Data listing:
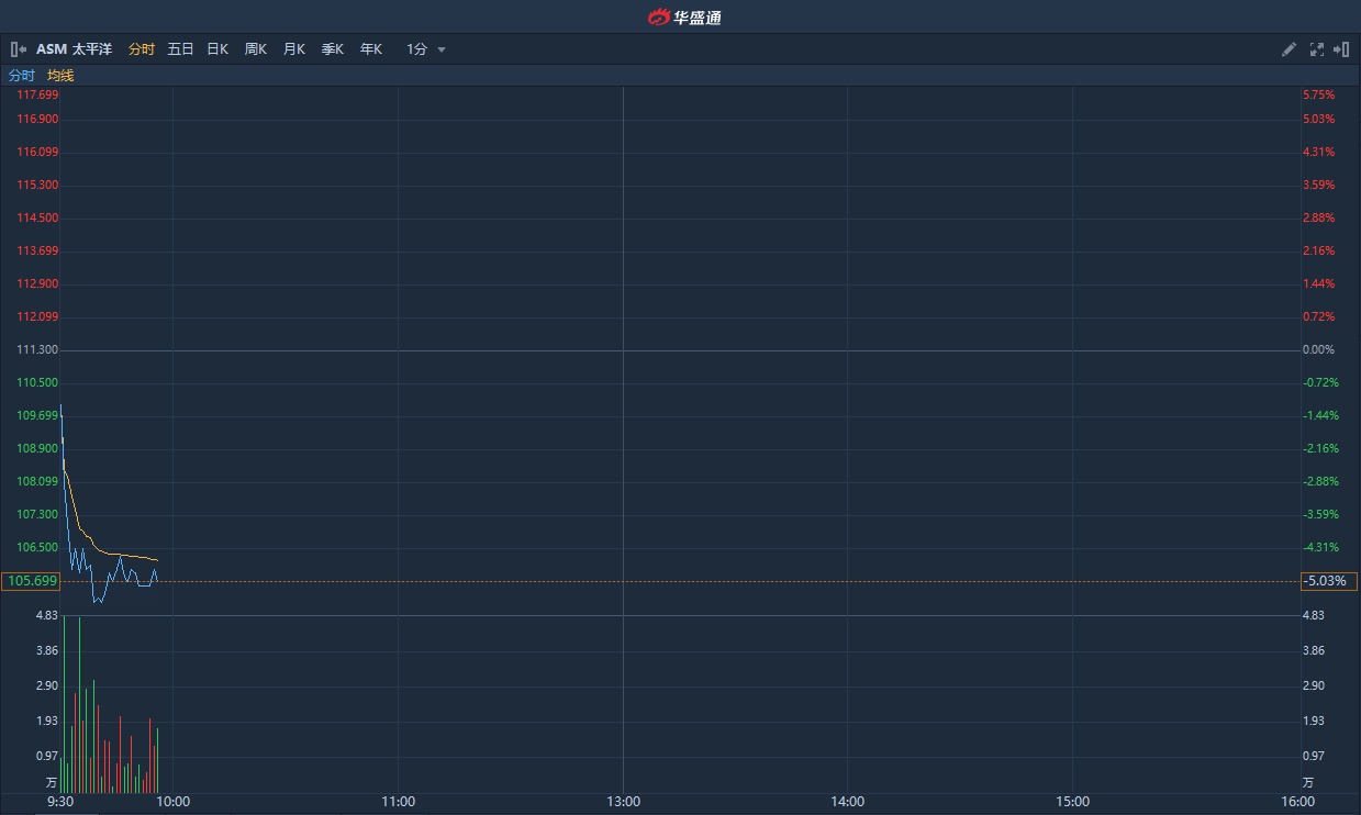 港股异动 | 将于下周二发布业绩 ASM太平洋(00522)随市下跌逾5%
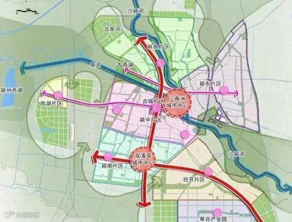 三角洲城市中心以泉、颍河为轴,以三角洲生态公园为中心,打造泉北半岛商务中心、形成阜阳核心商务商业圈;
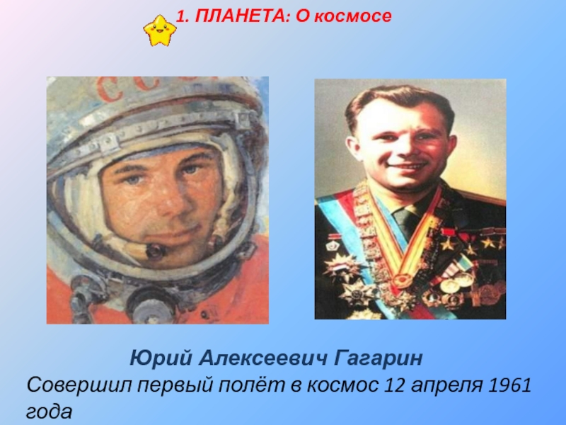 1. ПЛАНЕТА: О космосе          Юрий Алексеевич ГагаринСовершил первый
--
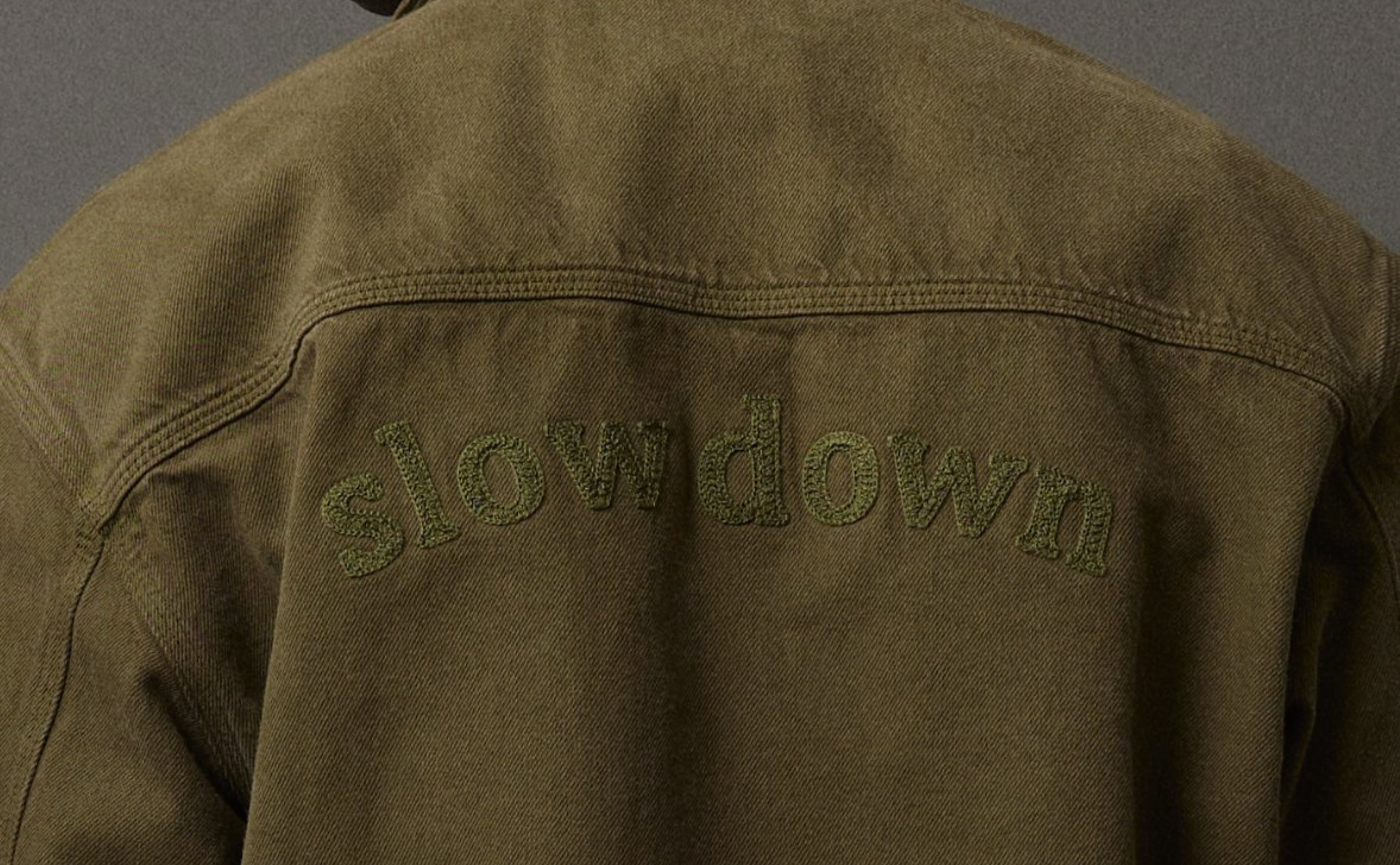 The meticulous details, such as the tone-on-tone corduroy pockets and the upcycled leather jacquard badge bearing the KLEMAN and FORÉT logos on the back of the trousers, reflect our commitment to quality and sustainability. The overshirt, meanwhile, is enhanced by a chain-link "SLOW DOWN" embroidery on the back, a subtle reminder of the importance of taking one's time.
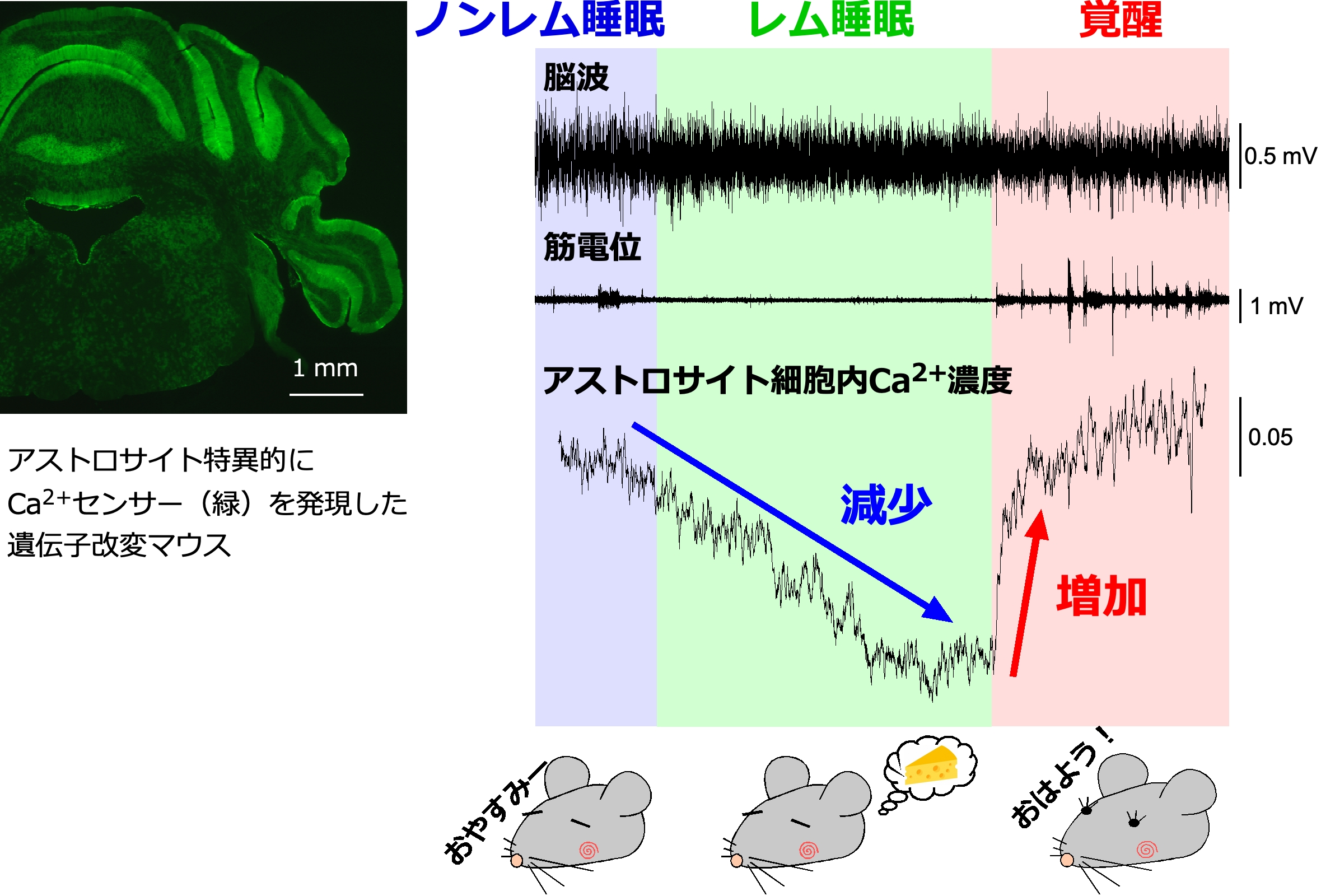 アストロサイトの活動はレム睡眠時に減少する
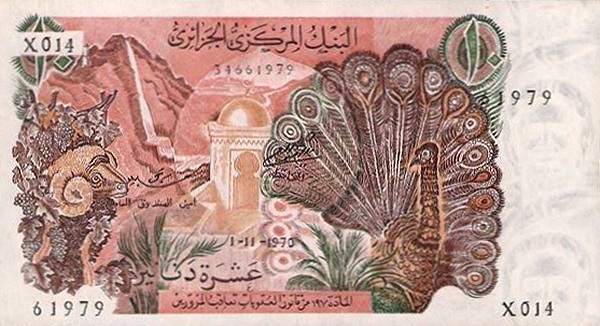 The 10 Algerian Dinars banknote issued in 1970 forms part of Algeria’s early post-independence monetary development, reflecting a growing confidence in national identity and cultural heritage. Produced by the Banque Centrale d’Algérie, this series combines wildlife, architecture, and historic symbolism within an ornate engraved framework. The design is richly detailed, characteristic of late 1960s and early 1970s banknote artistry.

Requirement: Exact copy, pictures excluded: every line above from the one containing "三角洲城市中心以泉、颍河为轴" to the one containing "1. ПЛАНЕТА: О", inclusive, and nothing more.

Your solution:
 三角洲城市中心以泉、颍河为轴,以三角洲生态公园为中心,打造泉北半岛商务中心、形成阜阳核心商务商业圈;
 1. ПЛАНЕТА: О космосе          Юрий Алексеевич ГагаринСовершил первый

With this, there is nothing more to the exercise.